**Material shown**
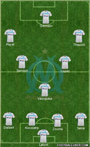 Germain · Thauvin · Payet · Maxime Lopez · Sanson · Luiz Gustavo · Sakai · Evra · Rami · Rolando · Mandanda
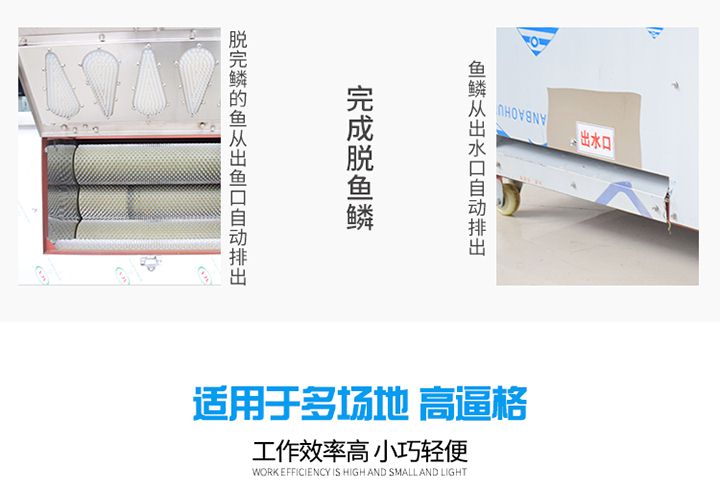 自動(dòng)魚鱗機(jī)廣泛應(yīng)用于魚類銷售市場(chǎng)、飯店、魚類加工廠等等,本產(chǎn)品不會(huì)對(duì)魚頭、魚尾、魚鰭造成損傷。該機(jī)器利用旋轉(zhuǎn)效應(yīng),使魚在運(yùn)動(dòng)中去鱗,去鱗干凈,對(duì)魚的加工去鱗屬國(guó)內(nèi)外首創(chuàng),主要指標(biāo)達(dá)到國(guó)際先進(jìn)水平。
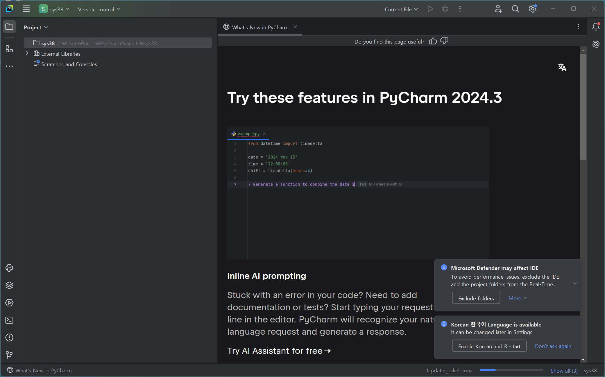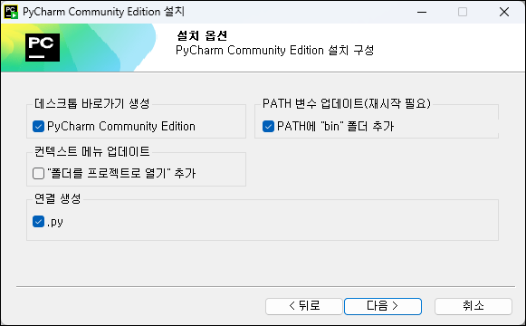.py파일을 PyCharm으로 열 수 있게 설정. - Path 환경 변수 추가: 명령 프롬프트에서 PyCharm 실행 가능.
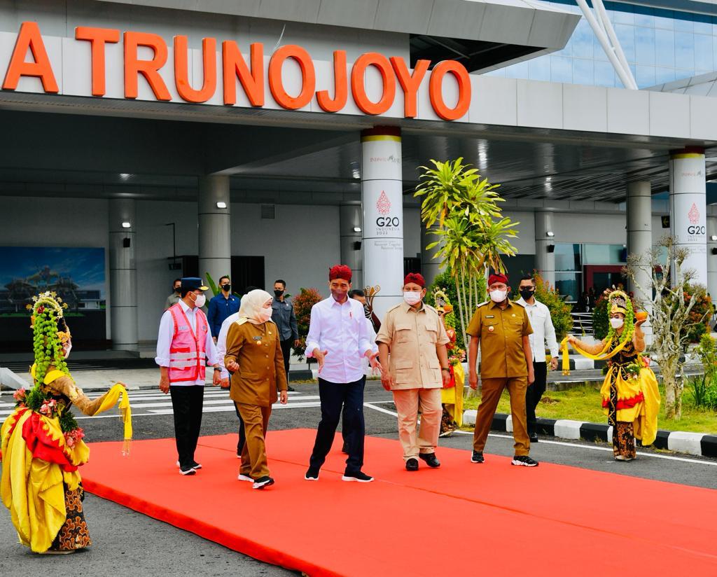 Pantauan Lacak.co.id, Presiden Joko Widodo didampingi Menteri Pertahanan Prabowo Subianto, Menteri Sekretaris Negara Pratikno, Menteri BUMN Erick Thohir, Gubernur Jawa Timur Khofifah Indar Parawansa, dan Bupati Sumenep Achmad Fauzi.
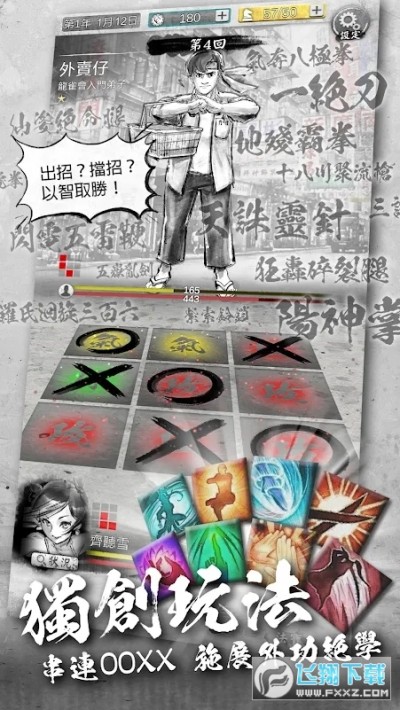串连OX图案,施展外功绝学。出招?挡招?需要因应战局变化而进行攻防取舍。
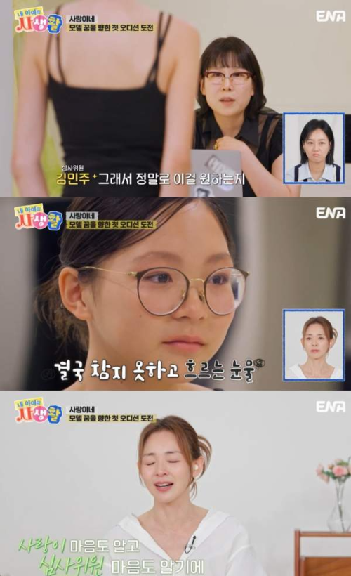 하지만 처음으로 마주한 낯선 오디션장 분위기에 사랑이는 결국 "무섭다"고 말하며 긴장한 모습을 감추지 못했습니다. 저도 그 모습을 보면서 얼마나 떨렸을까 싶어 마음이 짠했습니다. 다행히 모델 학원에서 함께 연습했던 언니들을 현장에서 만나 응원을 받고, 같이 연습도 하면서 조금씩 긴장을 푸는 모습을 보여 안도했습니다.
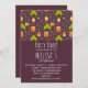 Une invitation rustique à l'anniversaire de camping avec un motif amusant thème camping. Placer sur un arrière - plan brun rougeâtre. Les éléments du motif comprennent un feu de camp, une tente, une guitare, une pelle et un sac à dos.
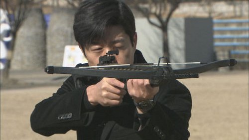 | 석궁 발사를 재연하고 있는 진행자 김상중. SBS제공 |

**Exercise aim**
Every line of the listing should be repeated exactly; no picture should appear.

**The answer**
 Germain · Thauvin · Payet · Maxime Lopez · Sanson · Luiz Gustavo · Sakai · Evra · Rami · Rolando · Mandanda
 自動(dòng)魚鱗機(jī)廣泛應(yīng)用于魚類銷售市場(chǎng)、飯店、魚類加工廠等等,本產(chǎn)品不會(huì)對(duì)魚頭、魚尾、魚鰭造成損傷。該機(jī)器利用旋轉(zhuǎn)效應(yīng),使魚在運(yùn)動(dòng)中去鱗,去鱗干凈,對(duì)魚的加工去鱗屬國(guó)內(nèi)外首創(chuàng),主要指標(biāo)達(dá)到國(guó)際先進(jìn)水平。
.py파일을 PyCharm으로 열 수 있게 설정. - Path 환경 변수 추가: 명령 프롬프트에서 PyCharm 실행 가능.
 Pantauan Lacak.co.id, Presiden Joko Widodo didampingi Menteri Pertahanan Prabowo Subianto, Menteri Sekretaris Negara Pratikno, Menteri BUMN Erick Thohir, Gubernur Jawa Timur Khofifah Indar Parawansa, dan Bupati Sumenep Achmad Fauzi.
串连OX图案,施展外功绝学。出招?挡招?需要因应战局变化而进行攻防取舍。
 하지만 처음으로 마주한 낯선 오디션장 분위기에 사랑이는 결국 "무섭다"고 말하며 긴장한 모습을 감추지 못했습니다. 저도 그 모습을 보면서 얼마나 떨렸을까 싶어 마음이 짠했습니다. 다행히 모델 학원에서 함께 연습했던 언니들을 현장에서 만나 응원을 받고, 같이 연습도 하면서 조금씩 긴장을 푸는 모습을 보여 안도했습니다.
 Une invitation rustique à l'anniversaire de camping avec un motif amusant thème camping. Placer sur un arrière - plan brun rougeâtre. Les éléments du motif comprennent un feu de camp, une tente, une guitare, une pelle et un sac à dos.
 | 석궁 발사를 재연하고 있는 진행자 김상중. SBS제공 |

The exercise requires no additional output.